Everything is already baked in the price. Why can't all these noobs, who must rely on these influencers, get that through their thick skull? Anyway, other than looking at girls on Instagram, I don't use any SM. Does that make me an old skool?
newbies will attempt to abstract water from the rock and seek advice from financial influencers. oldbies will abstract information from the charts.
Nonsense. It's hard to imagine being that dumb. If you analyze stock market returns over a 20 day period by default you're more likely a gambler than investor. On average, that's not even long enough for a quarterly report to come out. Unless you routinely have access to pelosi-level insider trading data, just what are you reacting to? Seems like a garbage study to me. If I knew some influencer that could reliably pick undervalued companies, I certainly wouldn't be expecting to get my returns over a 20 day period from the day I buy the stock. It can take months or years to prove a valid investment thesis correct. Not saying I think these influencers are worth anyone's time, but the metrics used in the study seem pretty suspect. Show me a comparison of how they do against Morningstar, Argus, etc. Don't forget to figure the potential losses, the beta, etc. Also distinguish between fake followers and real followers.

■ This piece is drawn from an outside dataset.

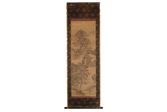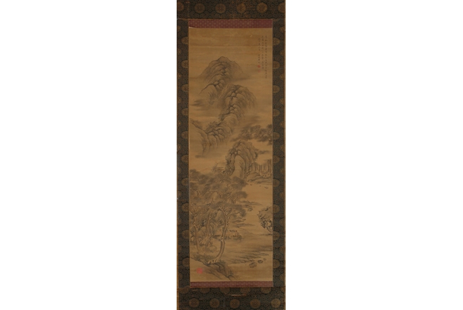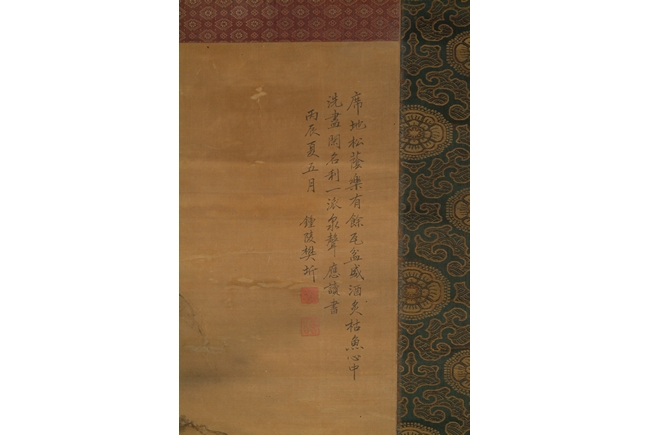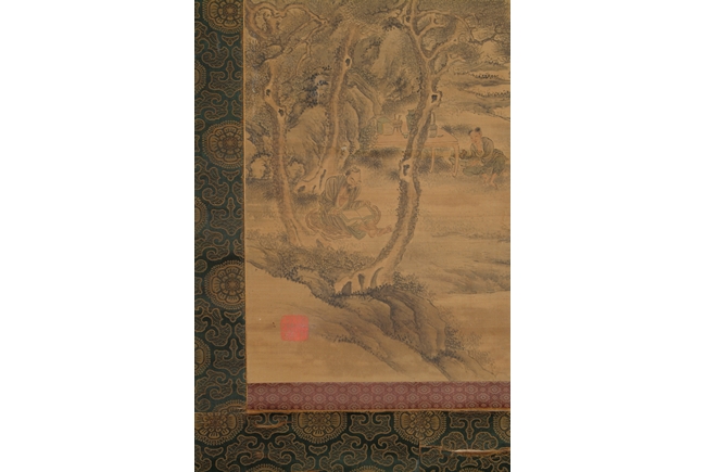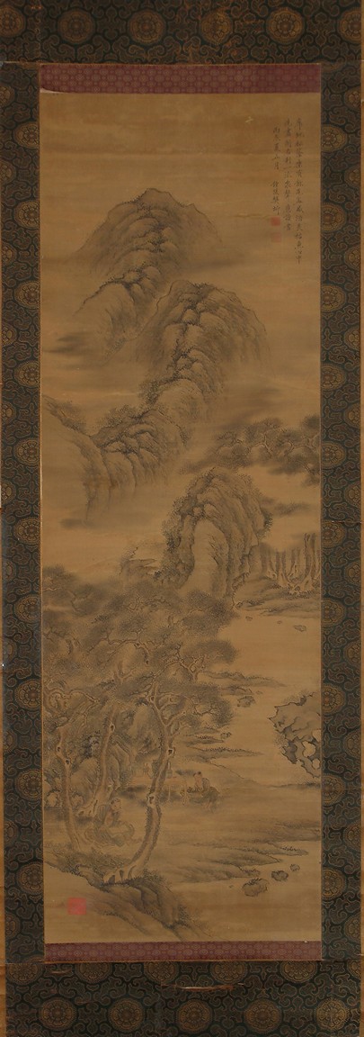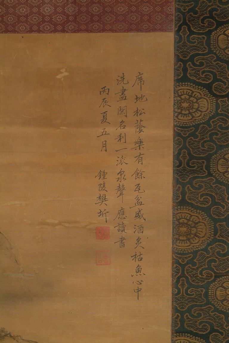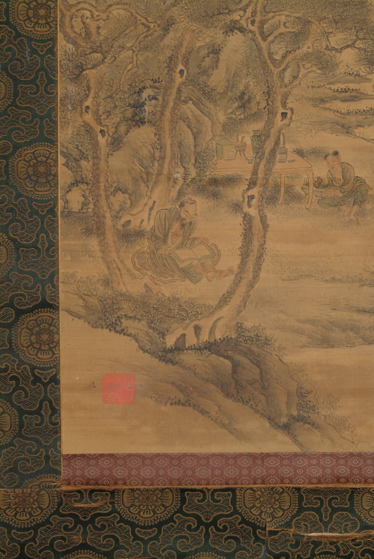 This painting depicts a panoramic view of mountain range, with a grove of pine trees in the front. Under pine trees and under foothill, a scholar and his attendant are seated near a table, reading and preparing food under the shade. A colophon of Chinese characters on the upper right hand corner attributes the artwork to 'FAN QI'. Ming Dynasty period.

I mean it is absurd to say nothing happens in the markets during 20 trading days. I would say the problem is even worse though. 20 days is totally arbitrary. You won't get the same results with this if you use 25 days and you won't get the same results if you use 20 days but shift everything back a year in time. Certainly won't get the same results if we try to repeat this next year. The gambler vs investor part is just horseshit. Obviously, you believe yourself to be a "proper" investor and not a gambler lol. People are just dumb.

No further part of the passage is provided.